▶ What to produce
Omit all images, then repeat exactly the lines below from the one containing "Z karty wybieramy" through the one containing "Spetsbergen övriga bilder.", both ends included.

(Source records begins)

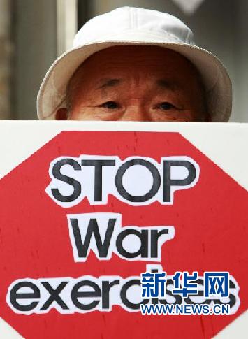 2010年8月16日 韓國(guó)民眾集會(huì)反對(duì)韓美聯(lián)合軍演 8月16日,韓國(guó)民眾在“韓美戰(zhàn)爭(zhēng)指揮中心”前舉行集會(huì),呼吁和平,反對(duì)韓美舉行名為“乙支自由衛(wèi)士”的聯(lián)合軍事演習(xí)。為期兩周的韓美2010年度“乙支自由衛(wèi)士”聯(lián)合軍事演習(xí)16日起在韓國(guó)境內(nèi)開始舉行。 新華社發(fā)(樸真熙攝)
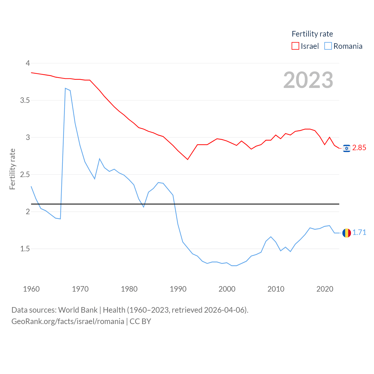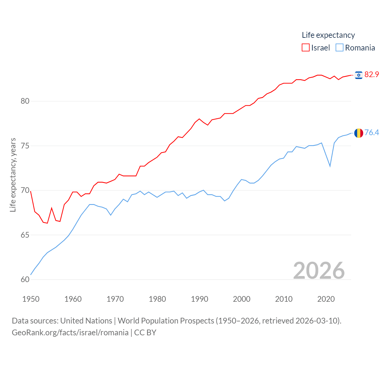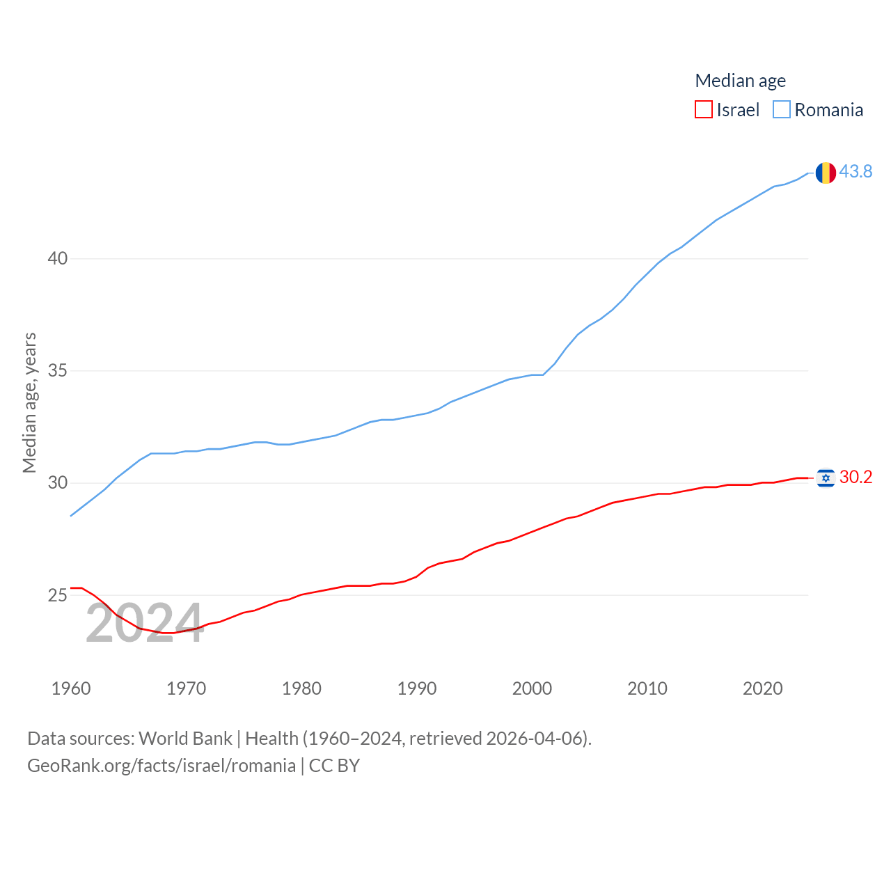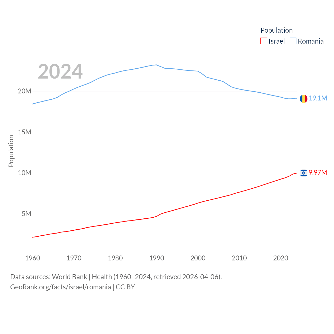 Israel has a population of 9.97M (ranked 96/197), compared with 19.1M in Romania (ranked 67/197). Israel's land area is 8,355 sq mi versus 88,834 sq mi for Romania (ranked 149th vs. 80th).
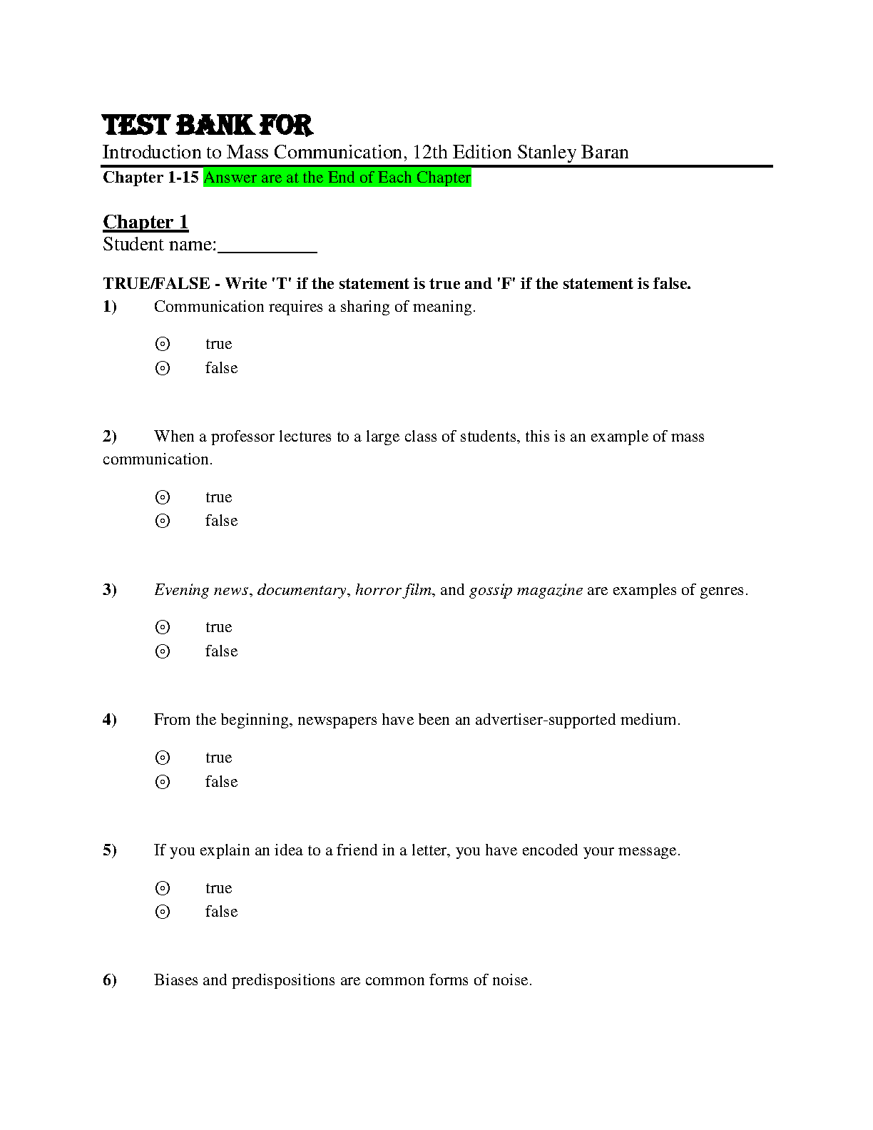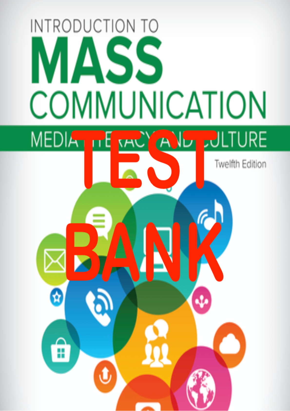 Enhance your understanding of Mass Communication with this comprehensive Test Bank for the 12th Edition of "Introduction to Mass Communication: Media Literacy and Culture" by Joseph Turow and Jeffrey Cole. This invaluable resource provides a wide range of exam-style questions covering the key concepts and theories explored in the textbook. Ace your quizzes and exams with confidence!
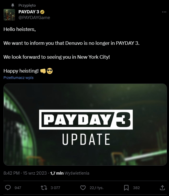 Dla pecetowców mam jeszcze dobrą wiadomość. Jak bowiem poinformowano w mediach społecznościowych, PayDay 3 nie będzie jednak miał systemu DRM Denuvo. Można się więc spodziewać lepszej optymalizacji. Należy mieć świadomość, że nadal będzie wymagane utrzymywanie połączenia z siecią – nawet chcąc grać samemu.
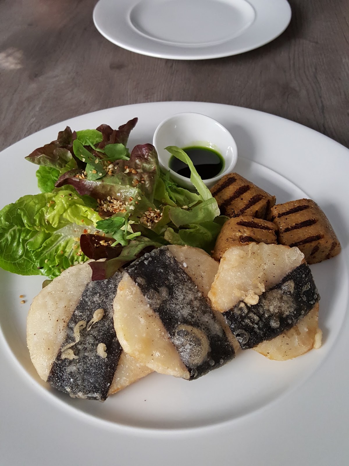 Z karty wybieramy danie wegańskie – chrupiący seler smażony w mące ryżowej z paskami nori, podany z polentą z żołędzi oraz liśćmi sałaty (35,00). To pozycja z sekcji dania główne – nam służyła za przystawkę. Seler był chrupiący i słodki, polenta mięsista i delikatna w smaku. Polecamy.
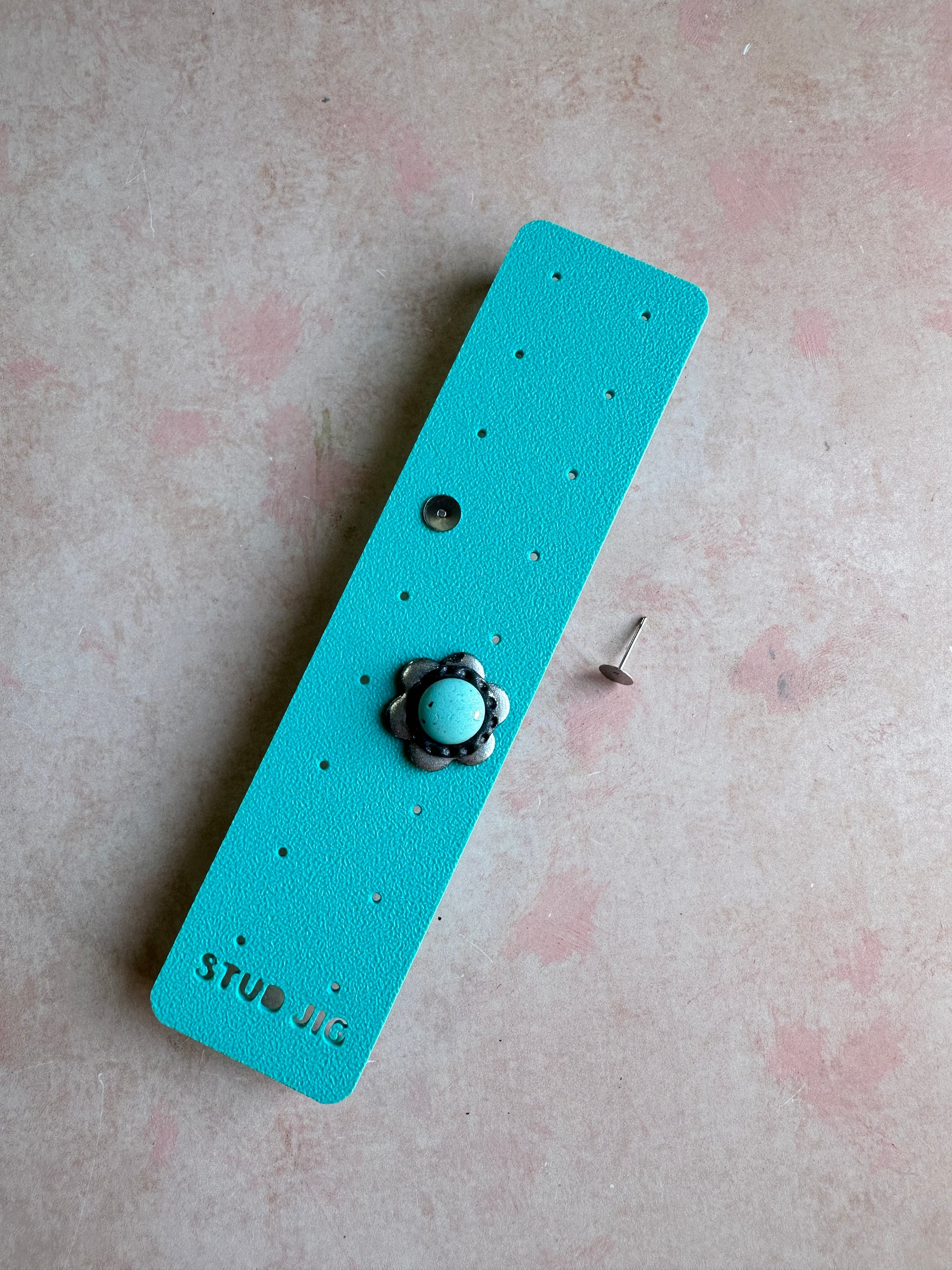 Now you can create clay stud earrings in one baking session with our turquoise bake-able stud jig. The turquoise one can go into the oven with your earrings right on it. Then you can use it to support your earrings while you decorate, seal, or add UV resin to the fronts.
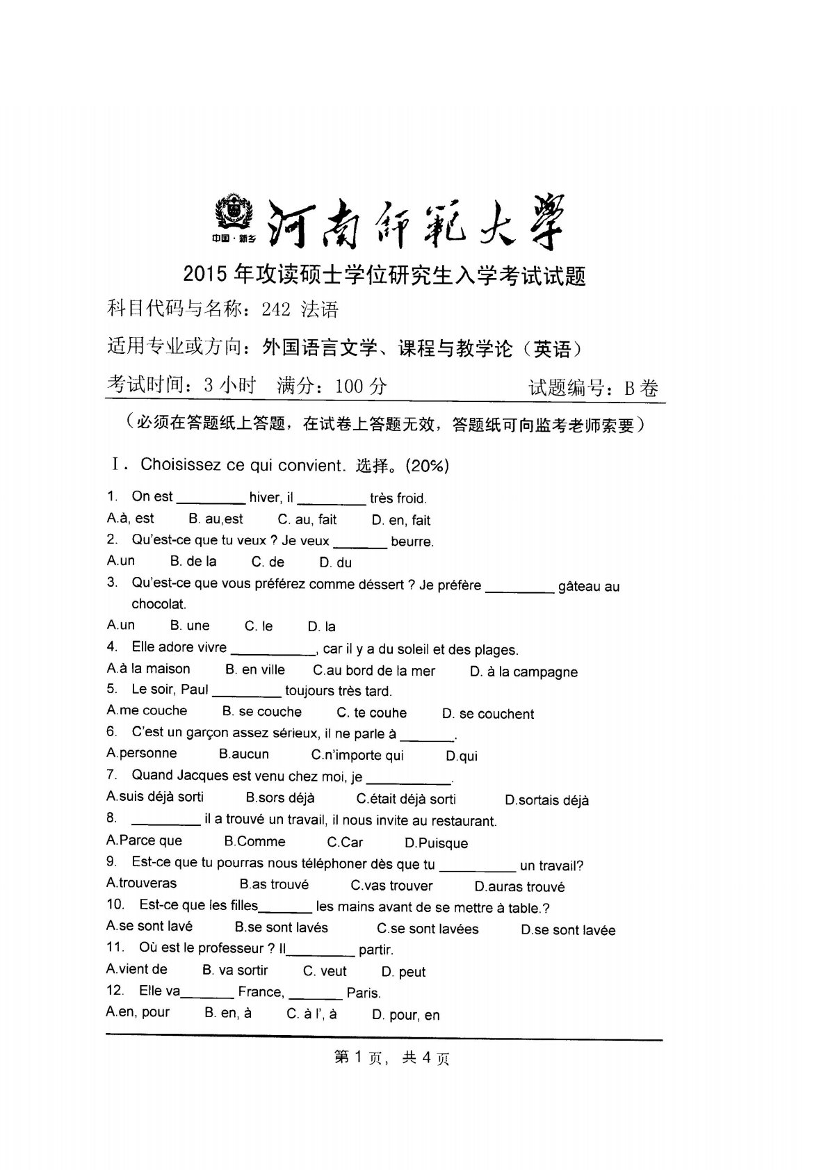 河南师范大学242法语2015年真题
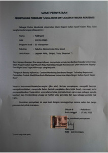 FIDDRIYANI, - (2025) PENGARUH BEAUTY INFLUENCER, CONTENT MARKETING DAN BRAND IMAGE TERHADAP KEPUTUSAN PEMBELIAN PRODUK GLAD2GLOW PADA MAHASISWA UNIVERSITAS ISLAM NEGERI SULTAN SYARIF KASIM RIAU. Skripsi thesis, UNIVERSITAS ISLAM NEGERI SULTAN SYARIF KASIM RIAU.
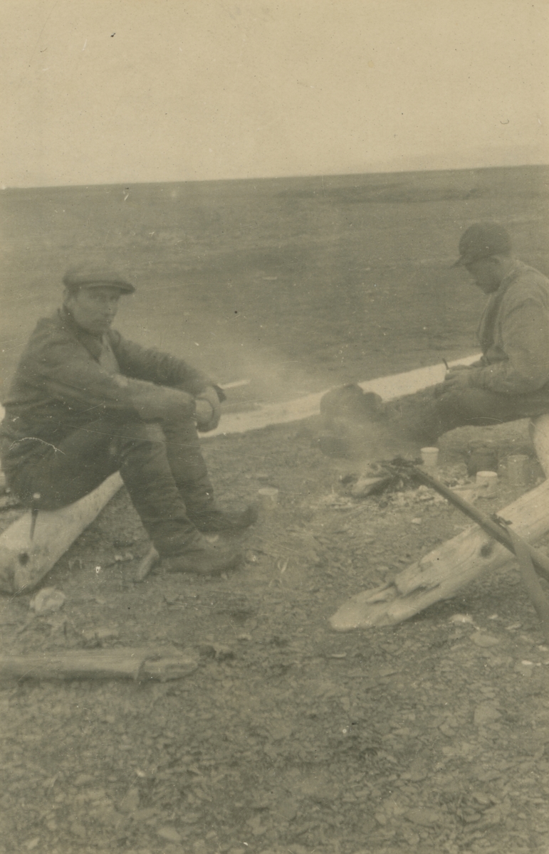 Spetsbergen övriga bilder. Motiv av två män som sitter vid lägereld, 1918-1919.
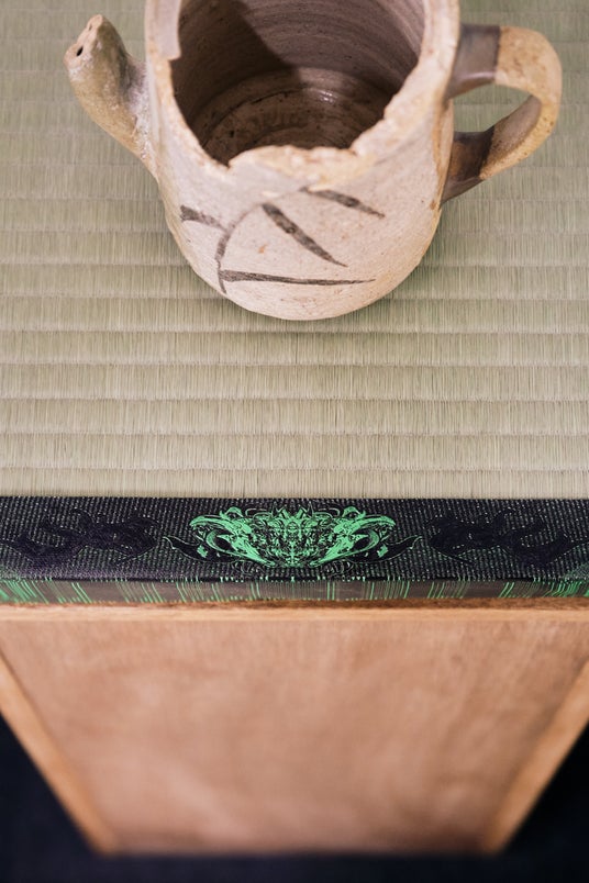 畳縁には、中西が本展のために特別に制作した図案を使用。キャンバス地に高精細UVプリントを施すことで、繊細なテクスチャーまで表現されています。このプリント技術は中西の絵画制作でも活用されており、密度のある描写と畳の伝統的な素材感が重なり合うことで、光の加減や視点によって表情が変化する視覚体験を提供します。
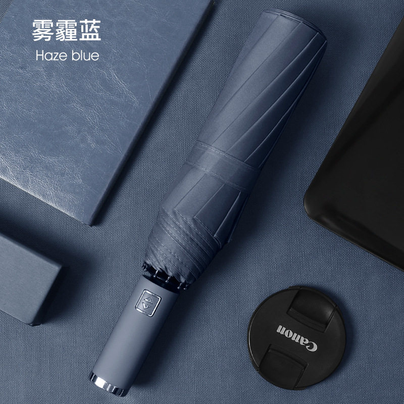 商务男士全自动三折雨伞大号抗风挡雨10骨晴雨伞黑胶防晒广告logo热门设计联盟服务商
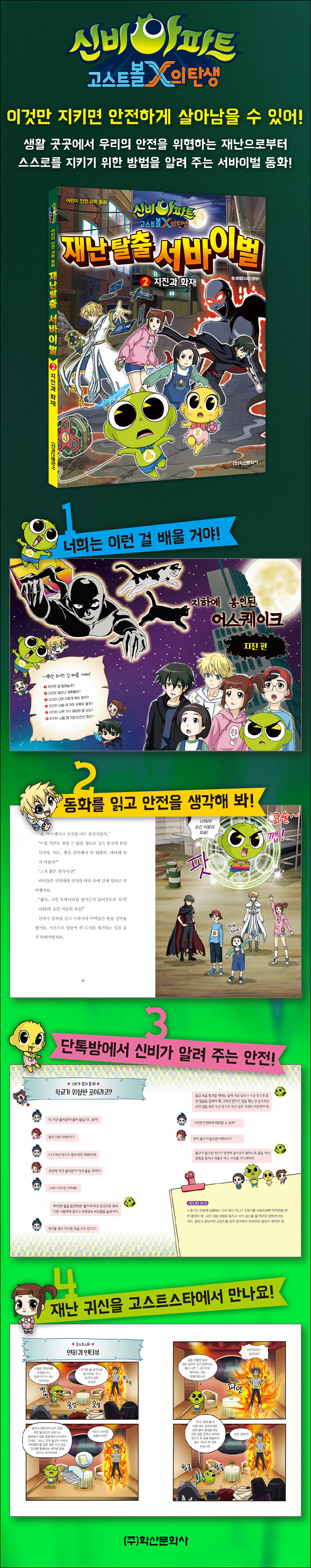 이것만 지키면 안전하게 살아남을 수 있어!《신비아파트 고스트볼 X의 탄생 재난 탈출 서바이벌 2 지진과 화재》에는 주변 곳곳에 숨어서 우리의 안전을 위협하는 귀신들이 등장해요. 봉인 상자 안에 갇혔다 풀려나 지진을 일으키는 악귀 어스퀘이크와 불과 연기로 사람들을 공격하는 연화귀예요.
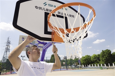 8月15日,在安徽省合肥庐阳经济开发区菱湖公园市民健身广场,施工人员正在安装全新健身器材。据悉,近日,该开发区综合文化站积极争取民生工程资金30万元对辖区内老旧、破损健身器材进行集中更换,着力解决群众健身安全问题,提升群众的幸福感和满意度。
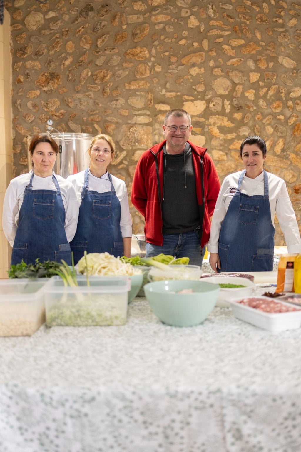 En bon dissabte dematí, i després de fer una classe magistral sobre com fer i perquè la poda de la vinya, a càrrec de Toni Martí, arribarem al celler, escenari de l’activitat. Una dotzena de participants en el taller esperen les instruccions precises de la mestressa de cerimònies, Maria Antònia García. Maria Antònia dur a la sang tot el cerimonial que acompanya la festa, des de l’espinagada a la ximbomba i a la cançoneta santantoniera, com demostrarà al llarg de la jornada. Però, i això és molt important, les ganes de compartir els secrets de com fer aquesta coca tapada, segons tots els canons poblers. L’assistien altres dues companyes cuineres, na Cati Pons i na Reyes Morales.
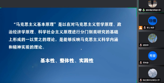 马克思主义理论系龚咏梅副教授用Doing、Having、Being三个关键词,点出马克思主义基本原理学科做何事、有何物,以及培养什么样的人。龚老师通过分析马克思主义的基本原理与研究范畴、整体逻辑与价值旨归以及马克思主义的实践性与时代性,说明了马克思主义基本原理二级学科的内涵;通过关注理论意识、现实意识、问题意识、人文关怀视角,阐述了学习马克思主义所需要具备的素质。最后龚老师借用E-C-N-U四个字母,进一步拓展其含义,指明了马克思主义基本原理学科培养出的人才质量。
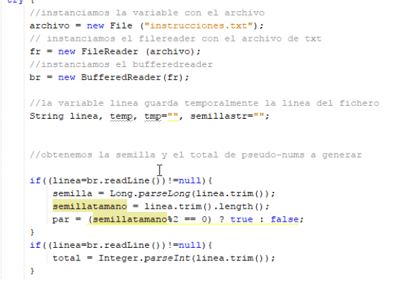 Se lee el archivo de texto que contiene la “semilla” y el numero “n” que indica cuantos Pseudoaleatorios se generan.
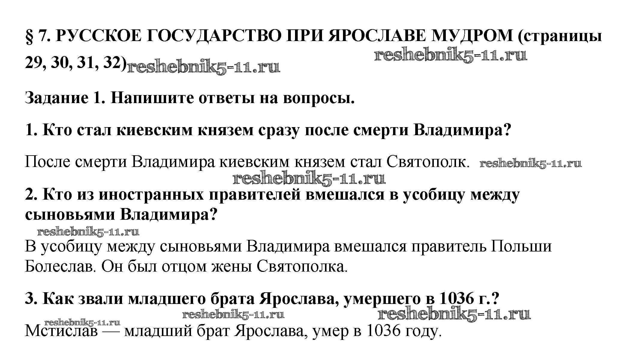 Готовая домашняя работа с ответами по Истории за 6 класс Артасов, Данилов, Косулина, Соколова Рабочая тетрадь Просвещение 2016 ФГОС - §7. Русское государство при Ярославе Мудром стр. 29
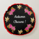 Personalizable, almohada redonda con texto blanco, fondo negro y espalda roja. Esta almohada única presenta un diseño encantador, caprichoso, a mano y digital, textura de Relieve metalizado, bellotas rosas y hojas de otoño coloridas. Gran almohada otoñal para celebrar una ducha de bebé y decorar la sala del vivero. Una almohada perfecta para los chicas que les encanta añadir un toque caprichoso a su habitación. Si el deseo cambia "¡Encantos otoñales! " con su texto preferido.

(Source records ends)

▶ Solution to this task
 Z karty wybieramy danie wegańskie – chrupiący seler smażony w mące ryżowej z paskami nori, podany z polentą z żołędzi oraz liśćmi sałaty (35,00). To pozycja z sekcji dania główne – nam służyła za przystawkę. Seler był chrupiący i słodki, polenta mięsista i delikatna w smaku. Polecamy.
 Now you can create clay stud earrings in one baking session with our turquoise bake-able stud jig. The turquoise one can go into the oven with your earrings right on it. Then you can use it to support your earrings while you decorate, seal, or add UV resin to the fronts.
 河南师范大学242法语2015年真题
 FIDDRIYANI, - (2025) PENGARUH BEAUTY INFLUENCER, CONTENT MARKETING DAN BRAND IMAGE TERHADAP KEPUTUSAN PEMBELIAN PRODUK GLAD2GLOW PADA MAHASISWA UNIVERSITAS ISLAM NEGERI SULTAN SYARIF KASIM RIAU. Skripsi thesis, UNIVERSITAS ISLAM NEGERI SULTAN SYARIF KASIM RIAU.
 Spetsbergen övriga bilder. Motiv av två män som sitter vid lägereld, 1918-1919.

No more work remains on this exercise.